The problem
Images don't belong in the copy. Output the rest of the data exactly.

Source data
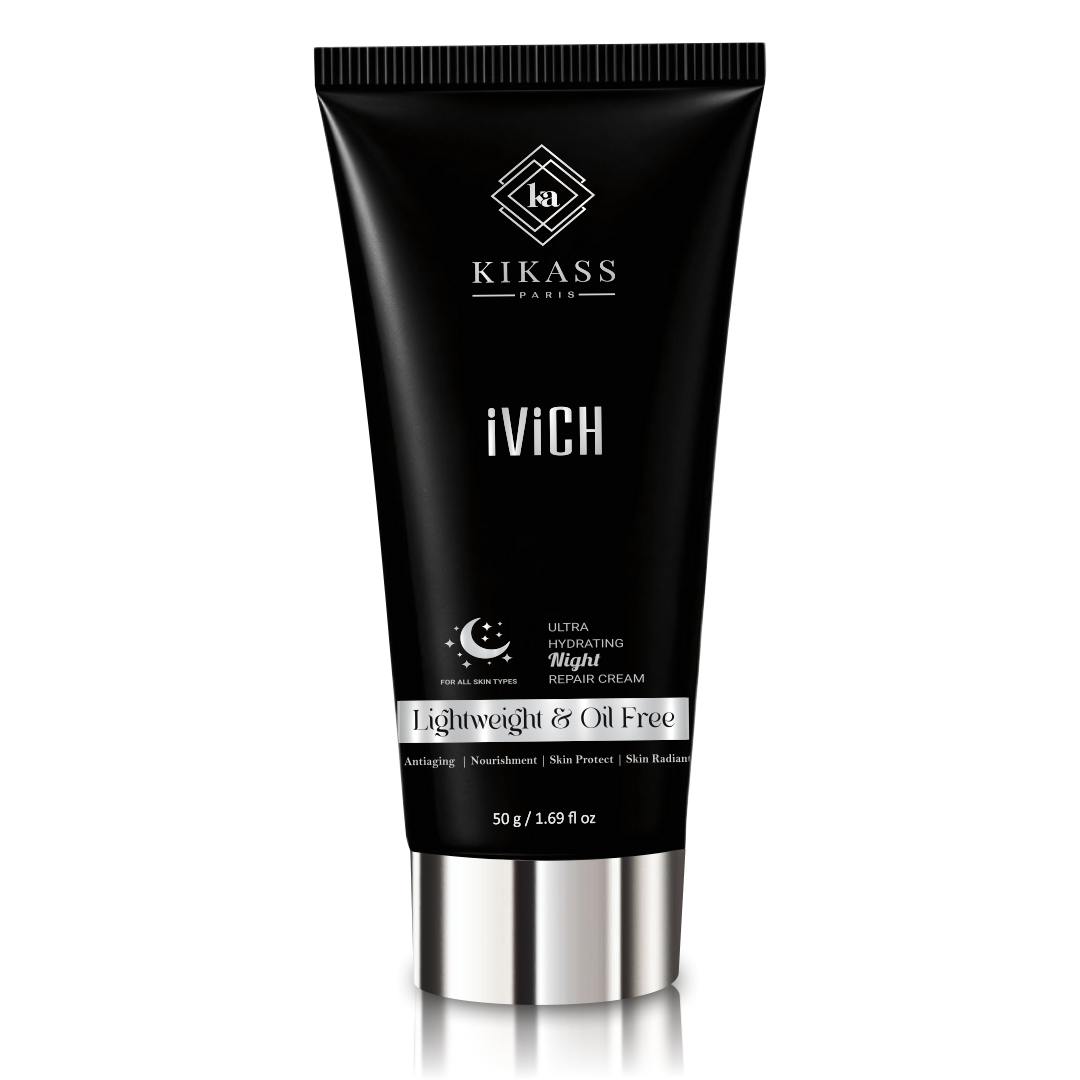 The iViCH Ultra Hydrating Night Repair Cream by Kikass Paris is a luxurious blend of clean, skin-repairing ingredients designed to nourish and restore your skin while you sleep. Enriched with the goodness of Hyaluronic Acid, Niacinamide, and plant-powered botanicals, it deeply hydrates, repairs, and revitalizes tired skin overnight.
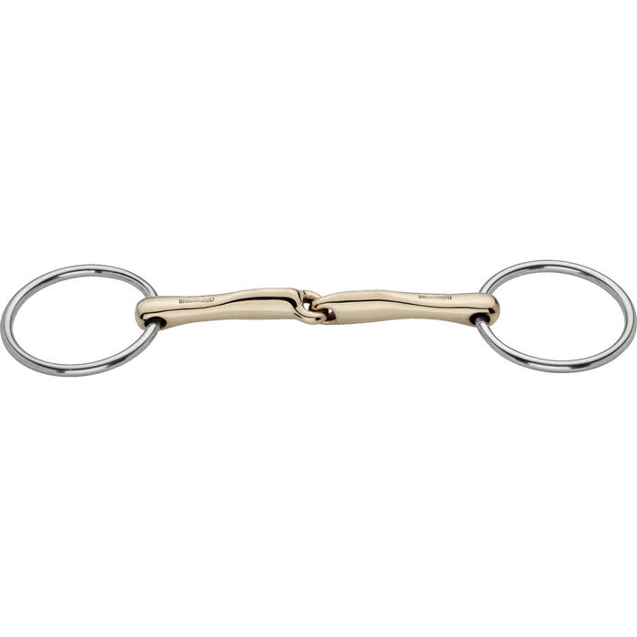 Das Mundstück besteht aus Sensogan, einer hochwertigen Legierung aus Kupfer, Mangan und Zink, die für eine beste Verträglichkeit und erhöhte Akzeptanz sorgt. In Kombination mit rostfreien Edelstahlringen garantiert dieses Gebiss Langlebigkeit und Funktionalität.
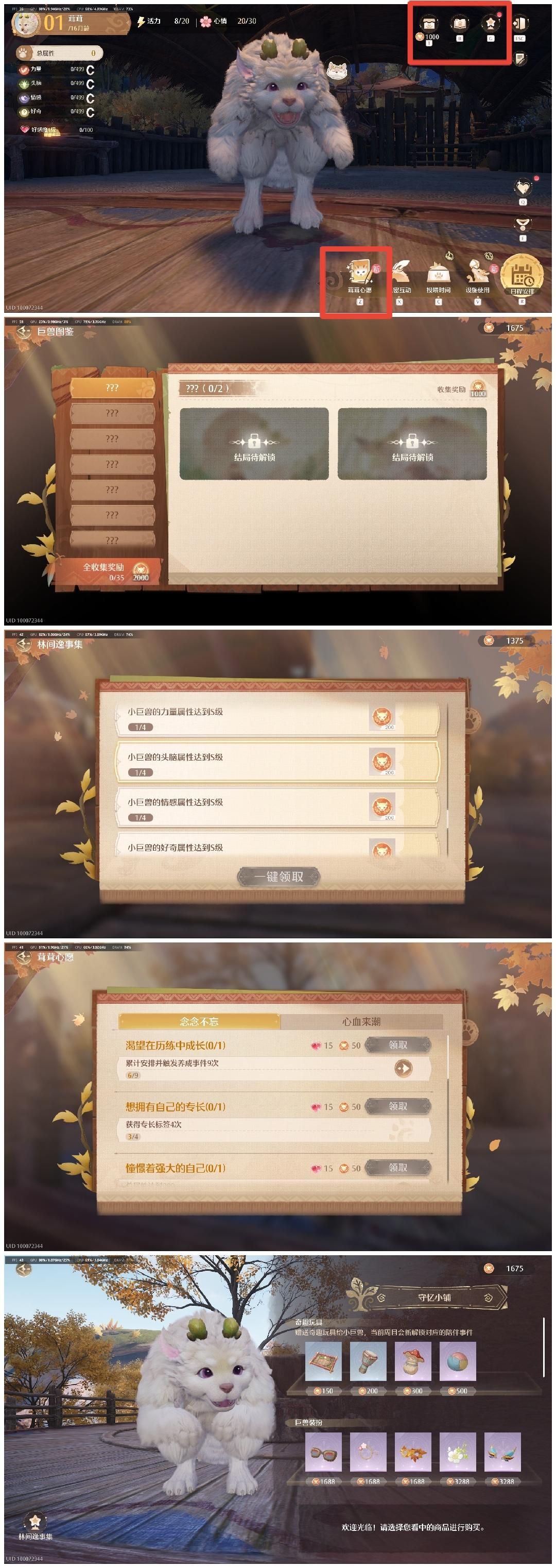 成长勋印也能在守忆小铺购买道具触发不同的事件或者打扮巨兽。

The answer
 The iViCH Ultra Hydrating Night Repair Cream by Kikass Paris is a luxurious blend of clean, skin-repairing ingredients designed to nourish and restore your skin while you sleep. Enriched with the goodness of Hyaluronic Acid, Niacinamide, and plant-powered botanicals, it deeply hydrates, repairs, and revitalizes tired skin overnight.
 Das Mundstück besteht aus Sensogan, einer hochwertigen Legierung aus Kupfer, Mangan und Zink, die für eine beste Verträglichkeit und erhöhte Akzeptanz sorgt. In Kombination mit rostfreien Edelstahlringen garantiert dieses Gebiss Langlebigkeit und Funktionalität.
 成长勋印也能在守忆小铺购买道具触发不同的事件或者打扮巨兽。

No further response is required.